## WORK INSTRUCTIONS
Find the line containing "Выражает благодарность Корчагину", then print it and each following line through the end of the records, exactly and with nothing added; leave out any pictures.

## INPUT DATA
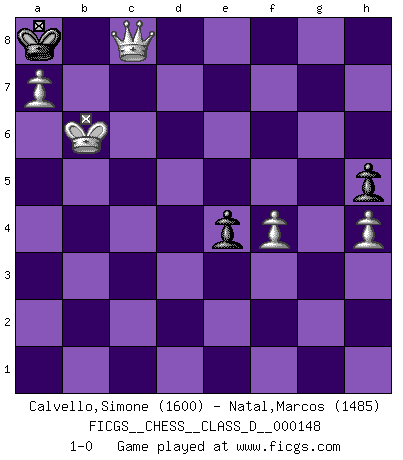 Last move : 1-0 2010 July 26 13:59:51 [Event "FICGS__CHESS__CLASS_D__000148"] [Site "FICGS"] [Date "2010.05.14"] [Round "1"] [White "Calvello,Simone"] [Black "Natal,Marcos"] [Result "1-0"] [WhiteElo "1600"] [BlackElo "1485"] 1.e4 e5 2.Nf3 Nc6 3.d4 exd4 4.Nxd4 Nf6 5.Nc3 Bc5 6.Be3 d6 7.Nxc6 bxc6 8.Bxc5 dxc5 9.Qxd8+ Kxd8 10.O-O-O Ke7 11.Bc4 a5 12.f3 Ba6 13.Bxa6 Rxa6 14.Na4 c4 15.Rd4 Rb8 16.Rxc4 Rb4 17.Rxb4 axb4 18.b3 Ra5 19.c3 bxc3 20.Nxc3 c5 21.Rd1 Nh5 22.Nd5+ Ke6 23.Nxc7+ Kf6 24.Nd5+ Kg6 25.Kb2 Kg5 26.Ne3 Nf4 27.g3 Ne6 28.Rd5+ Kg6 29.f4 Nd4 30.Rg5+ Kf6 31.Re5 Nf3 32.Ng4+ Kg6 33.Rd5 h5 34.Ne5+ Nxe5 35.Rxe5 f6 36.Rd5 Kh6 37.h4 g6 38.a3 Kg7 39.b4 Rb5 40.Rxc5 Rxc5 41.bxc5 Kf7 42.Kc3 Ke7 43.Kc4 Kd7 44.Kb5 Kc7 45.a4 Kb7 46.c6+ Kc7 47.a5 g5 48.a6 gxf4 49.gxf4 Kb8 50.Kb6 f5 51.a7+ Ka8 52.c7 fxe4 53.c8Q+ 1-0 Scotch : Schmidt variation Queenside Castling by player White (move 10) 10 pieces endgame at move 48 : White KPPPPP , Black KPPP WHITE : King + 5 Pawns BLACK : King + 3 Pawns 9 pieces endgame at move 49 : White KPPPPP , Black KPP WHITE : King + 5 Pawns BLACK : King + 2 Pawns 8 pieces endgame at move 52 : White KPPPP , Black KPP WHITE : King + 4 Pawns BLACK : King + 2 Pawns Promotion Queen by player White (move 53) Player White won this chess game. Follow this game move after move (download)In Chess, as it is played by masters, chance is practically eliminated. (Emanuel Lasker) Ich moechte nie einem Club beitreten, der Leute wie mich als Mitglieder aufnimmt. (Woody Allen) Nada excita más a Grandes Maestros aburridos que una novedad teórica. (Dominic Lawson) Comme les marins qui ont mille raisons différentes d'aller en mer, les joueurs d'échecs en ont tout autant avant de s'installer devant une table et jouer... (Vincent Bertignac, philosophe) Don't be discouraged. It's often the last key in the bunch that opens the lock. (Author unknown)
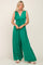 A satin jumpsuit featuring a v-neckline, an adjustable tie at the waist and side slits.
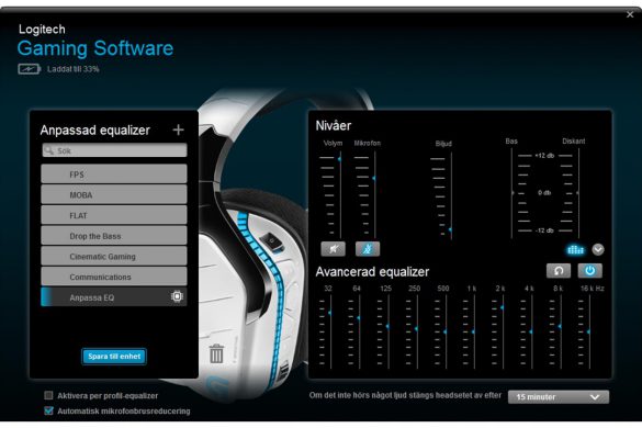 Sedan kommer vi till mjukvaran. Och ja, Logitech kan verkligen sina grejer. Har du Logitechs Gaming Software installerad, så kommer headsetet automatiskt hittas när du pluggar in USB dongeln. Sedan så är allt tydligt och enkelt tillhandahållet i programmet; batteritid, G-knapps kommandon, reglering av LED ljus effekter, Equalizer, och surroundljud reglage. Allt är smidigt och lättanvänt oavsett om du tidigare använt dig av Logitechs system eller inte.
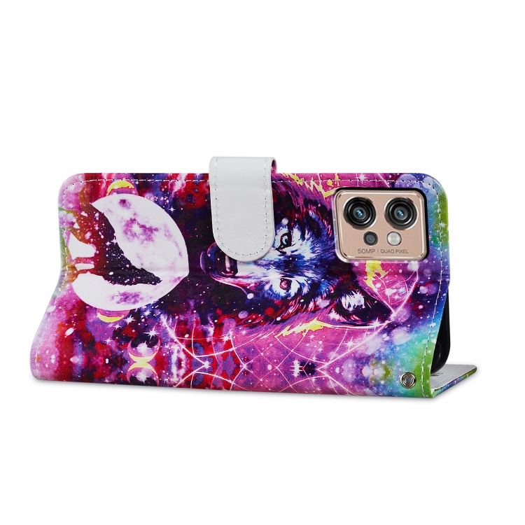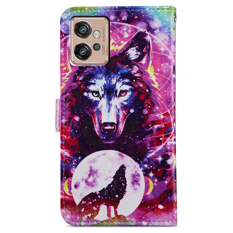 Funda de Cuero para Motorola Moto G32 con Tapa Horizontal y Patrón Tótem de Lobo
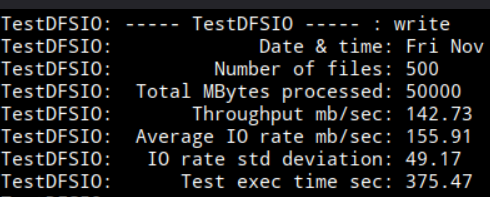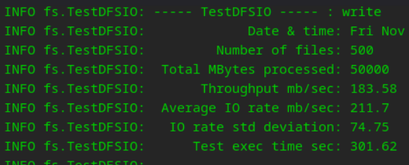 ./bin/hadoop jar share/hadoop/mapreduce/hadoop-mapreduce-client-jobclient-3.3.1-tests.jar TestDFSIO -write -nrFiles 500 -size 100MB -bufferSize 8388608 -resFile /tmp/testDFSIOwrite.log
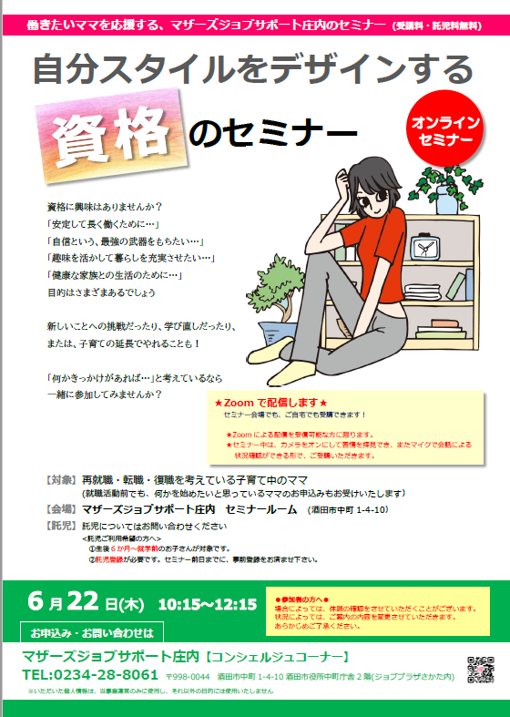 ☆マザーズジョブサポート庄内主催☆『自分のスタイルをデザインする 資格のセミナー』のお知らせです。資格に興味はありませんか?「安定して長く働くために…」「自身という、最強の武器をもちたい…」「趣味を活かして暮らしを充実させたい…」「健康な家族との生活のために…」目的はさまざまあるでしょう。新しいことへの挑戦だったり、学び直しだったり、または、子育ての延長でやれることも!「何かきっかけがあれば…」と考えているなら一緒に参加してみませんか? ★★受講者の皆様へお願い★★場合によっては、体調の確認をさせていただくことがございます。状況によっては、ご案内の変更をさせていただきます。あらかじめご了承ください。★★ーーーーーーーーーーーー★★●ご自宅でオンライン受講ご利用の方へ●・インターネット環境が必要になります。 通信料は自己負担です。・パソコン、スマートフォン、 またはたタブレットをご準備いただき、 事前にZoom meetingを ダウンロードしてください。・セミナー中はカメラをオンにし、 お顔の見える状態で受講して下さい。●●ーーーーーーーーーーーーーーーー●●【日 時】6月22日(水)10時15分〜12時15分 【対 象】就職を目指している子育て中のママ※就職活動前で何かを始めたい方でもOK【会 場】マザーズジョブサポート庄内 セミナールームまたは ご自宅でオンライン受講(Zoom)【料 金】受講料 及び 託児料 無料【託 児】ご利用希望の方はお問合せください。保育ルーム開室日【水・木・金】の 10:00〜16:00に登録が必要となります。 ※併設の保育ルームで、保育スタッフが お子さんをお預かりします。 ママは安心して受講いただけます。 【駐車場について】お車でお越しの際は、中町庁舎脇にある〈セントラルホテル契約駐車場〉をご利用ください。(ジョブプラザさかたと表示してあります。)※契約駐車場が満車の場合は、酒田市中央地下駐車場をご利用ください。無料駐車券(最大2時間)を発行いたします。 どうぞ、お気軽にお問い合わせくださいね。 ◇お申込み・お問い合わせ◇マザーズジョブサポート庄内TEL:0234-28-8061メールでのお申込みはコチラ
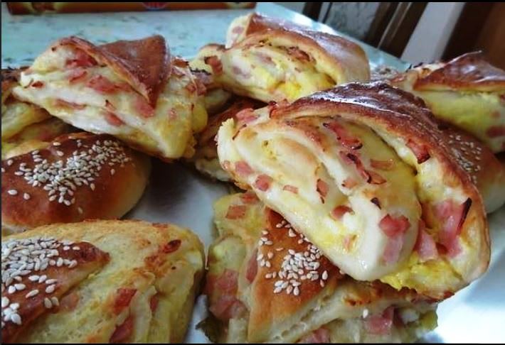 Προθερμαίνουμε τον φούρνο στους 200C και ψήνουμε τη ζύμη για περίπου 20-25 λεπτά. Ενώ ψήνουμε το πρώτο ταψί από το πρώτο ρολό, επαναλαμβάνουμε τη διαδικασία με το δεύτερο μέρος της ζύμης.
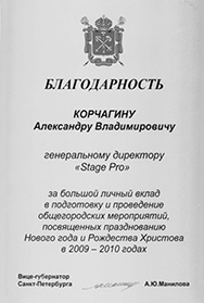 Выражает благодарность Корчагину Александру Владимировичу (генеральному директору ООО "СтэйджПро")за большой личный вклад в подготовку и проведение общегородских мероприятий, посвященных празднованию в 2009 году Дня города — Дня основания Санкт-Петербурга.
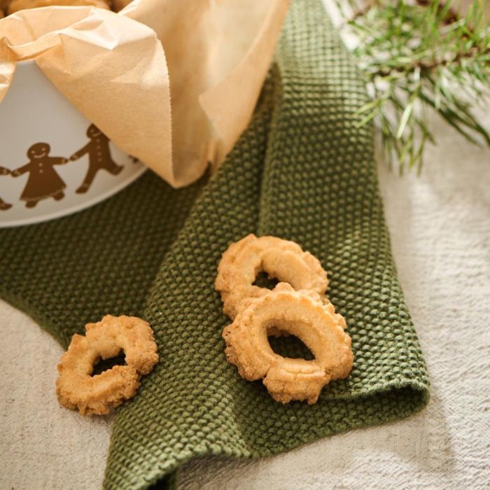 Stickad handduk från Ib Laursens populära Mynte-serie i en olivgrön nyans. Handduken är tillverkad av 100 % ekologisk bomull och i en härligt mjuk kvalitet som absorberar väl. Storleken gör den idealisk som köks- eller gästhandduk i badrummet.
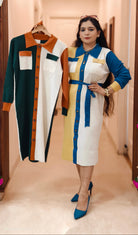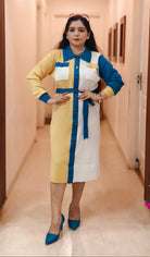YELLOW AND BROWN MULTICOLOR ONE PCS IMPORTED STRECHABLE DRESS WITH BELT

## RESPONSE TO THE EXERCISE
 Выражает благодарность Корчагину Александру Владимировичу (генеральному директору ООО "СтэйджПро")за большой личный вклад в подготовку и проведение общегородских мероприятий, посвященных празднованию в 2009 году Дня города — Дня основания Санкт-Петербурга.
 Stickad handduk från Ib Laursens populära Mynte-serie i en olivgrön nyans. Handduken är tillverkad av 100 % ekologisk bomull och i en härligt mjuk kvalitet som absorberar väl. Storleken gör den idealisk som köks- eller gästhandduk i badrummet.
YELLOW AND BROWN MULTICOLOR ONE PCS IMPORTED STRECHABLE DRESS WITH BELT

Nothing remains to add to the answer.